EUA Questionados em Outras Frentes de Segurança Marítima
As dúvidas sobre o papel dos EUA como guardião das rotas marítimas não se limitam ao Estreito de Ormuz. A campanha do governo Trump para interceptar embarcações suspeitas no Caribe e questionamentos sobre o resgate de tripulantes de um navio iraniano afundado levantam dúvidas sobre o compromisso americano com as regras que protegem todos os marinheiros. Um porta-voz do Pentágono se limitou a dizer que os militares “continuam a fornecer opções ao presidente” em relação ao estreito, sem confirmar o compromisso com a liberdade de navegação.
Essa falta de clareza por parte dos EUA tem levado outros países a buscar soluções. Emirados Árabes Unidos pediram à ONU autorização para medidas que reabram o estreito, enquanto o Reino Unido reuniu aliados para discutir opções não militares. O secretário-geral da ONU, António Guterres, enfatizou que “a liberdade de navegação precisa ser preservada”, ressaltando o impacto de gargalos como Ormuz sobre os mais vulneráveis.
O Papel da Convenção da ONU e a Controvérsia com o Irã
A passagem livre de embarcações por gargalos marítimos é protegida por princípios da Convenção das Nações Unidas sobre o Direito do Mar. Embora os EUA não tenham ratificado o tratado, tiveram um papel central em sua redação, e a Marinha americana atuou como principal agente de aplicação das regras. O Irã, que também não ratificou o tratado, tem desafiado esses princípios ao tentar restringir a passagem ou cobrar taxas no Estreito de Ormuz, chegando a cobrar até US$ 2 milhões por travessia.
Em resposta, Trump alternou entre sugerir o controle americano sobre a hidrovia e delegar a responsabilidade a outros países. “Os países do mundo que recebem petróleo pelo Estreito de Ormuz precisam cuidar daquela passagem”, declarou Trump.

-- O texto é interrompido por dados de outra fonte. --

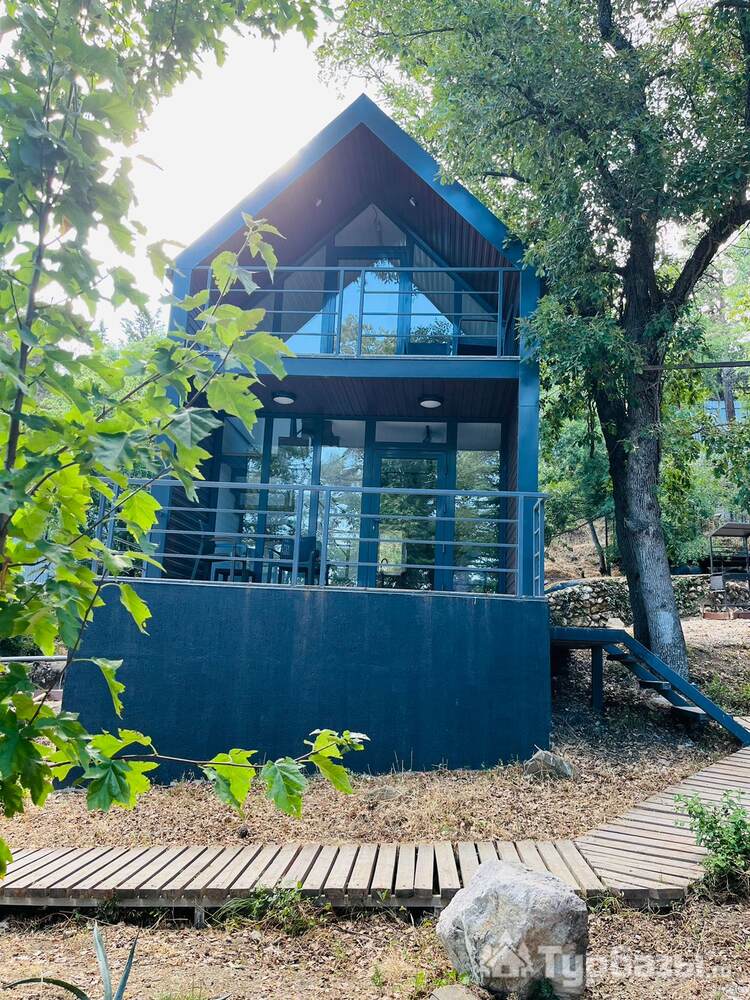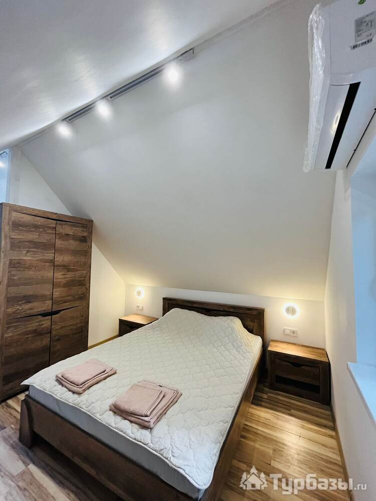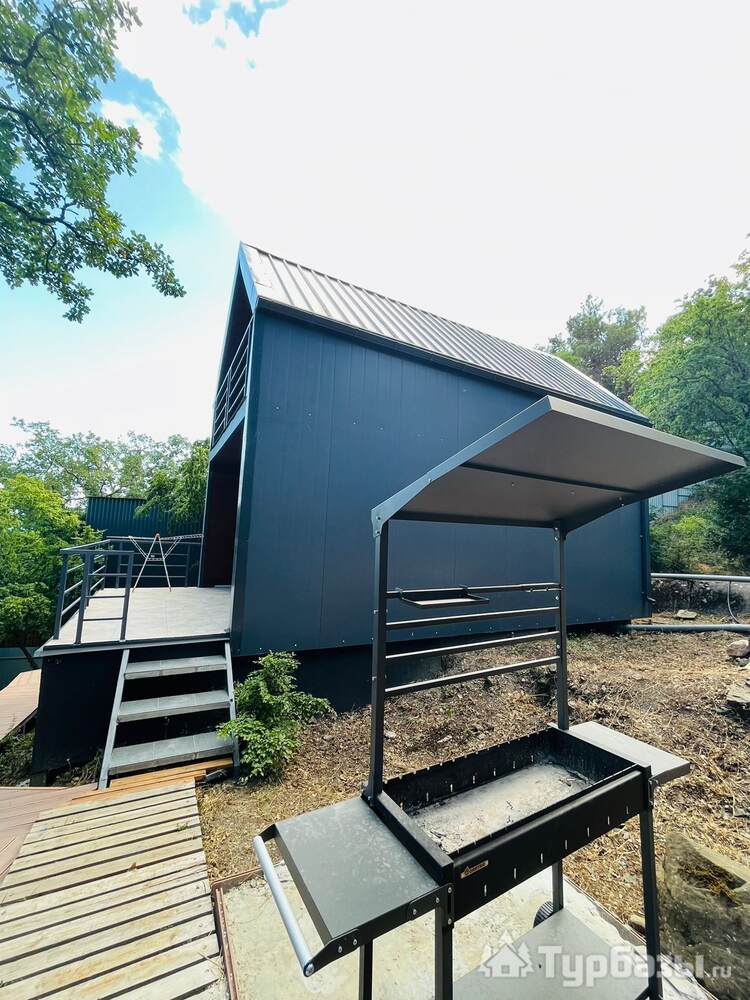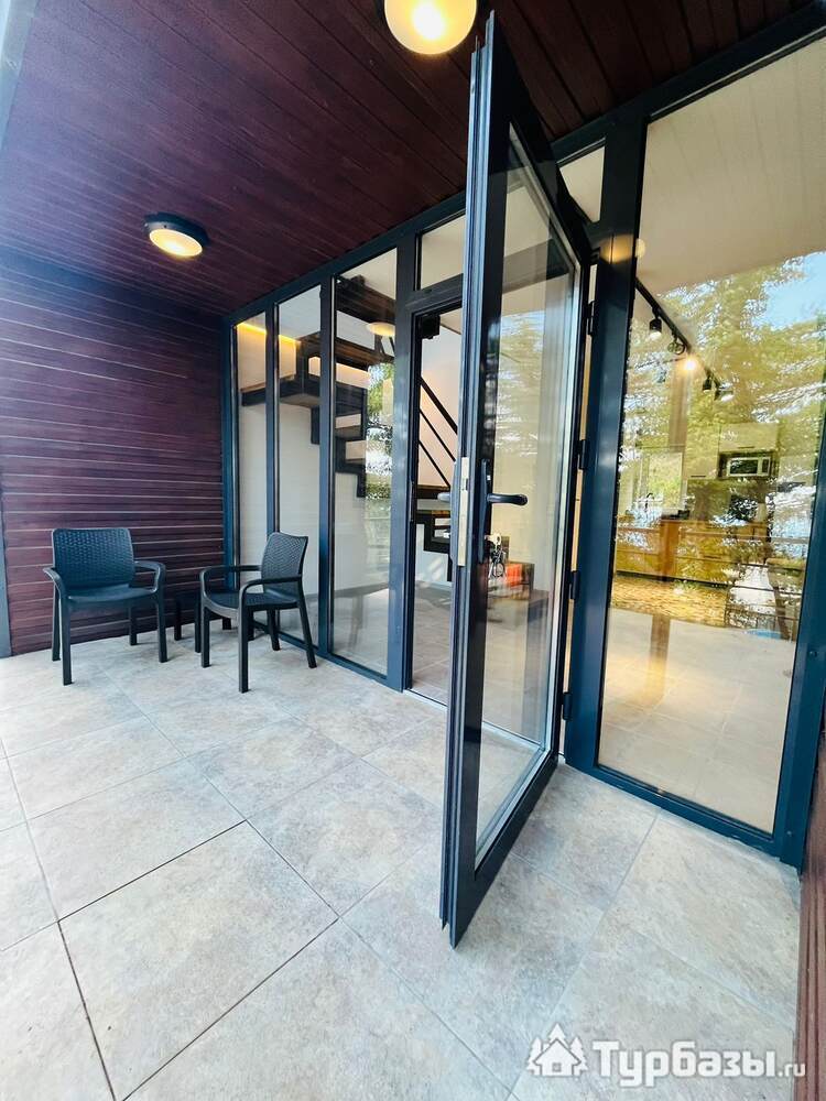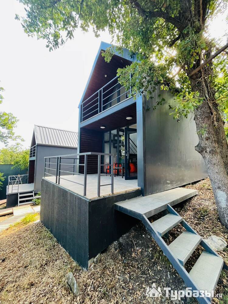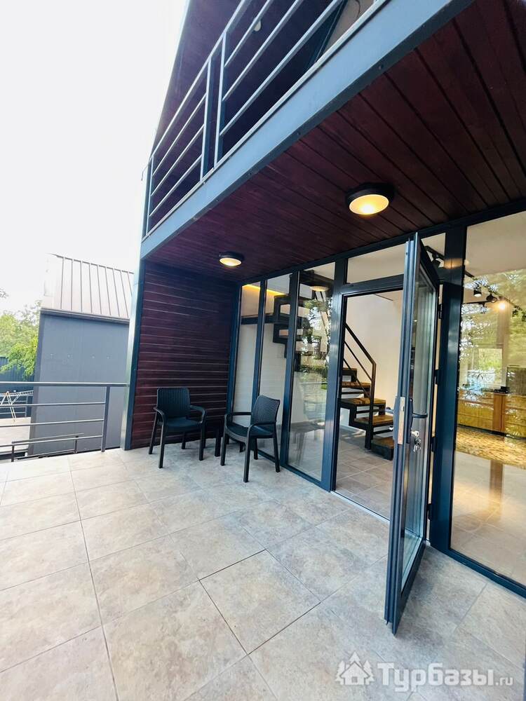 На территории расположен 2-х этажный домик с отдельным входом, широкими балконами на первом и втором этажах. Дом рассчитан на проживание до 4-х человек (2-х спальная кровать и два кресло-кровати). На первом этаже кухня-гостиная и санузел с душем. В домике новое оборудование, включая кофемашину.

No entanto, analistas alertam que um cessar-fogo sem um plano claro para reabrir o estreito pode deixar a artéria estratégica nas mãos do Irã, prolongando o choque econômico. A situação atual já permite ao Irã arrecadar altas receitas com petróleo, graças aos preços mais elevados.
Consequências Geopolíticas e o Precedente para a China
A forma como os EUA gerenciam a crise no Estreito de Ormuz pode estabelecer um precedente perigoso para a segurança marítima global. Se os EUA deixarem de contestar as reivindicações territoriais expansivas da China nos mares do Sul e do Leste da China, isso pode encorajar Pequim a aumentar sua influência marítima. Emma Salisbury, pesquisadora do Foreign Policy Research Institute, questiona: “Se os EUA não têm capacidade de impor a liberdade de navegação no Estreito de Ormuz, o que impede então a Marinha do Exército de Libertação Popular de forçar um pouco mais a barra no Mar do Sul da China?”.
Essa potencial mudança na dinâmica de poder marítimo está levando países a fortalecerem suas capacidades e a coordenarem defesas. A Europa, embora menos dependente diretamente de Ormuz, está revisando como proteger rotas marítimas globais. Se os EUA forem vistos como incapazes ou indispostos a manter as principais hidrovias abertas, outros países podem ter que assumir mais riscos e ajustar suas estratégias de defesa. A credibilidade dos EUA como garantidor da navegação desimpedida em vias cruciais sofreria um golpe significativo, conforme aponta Lucio Blanco Pitlo III, analista filipino de política externa.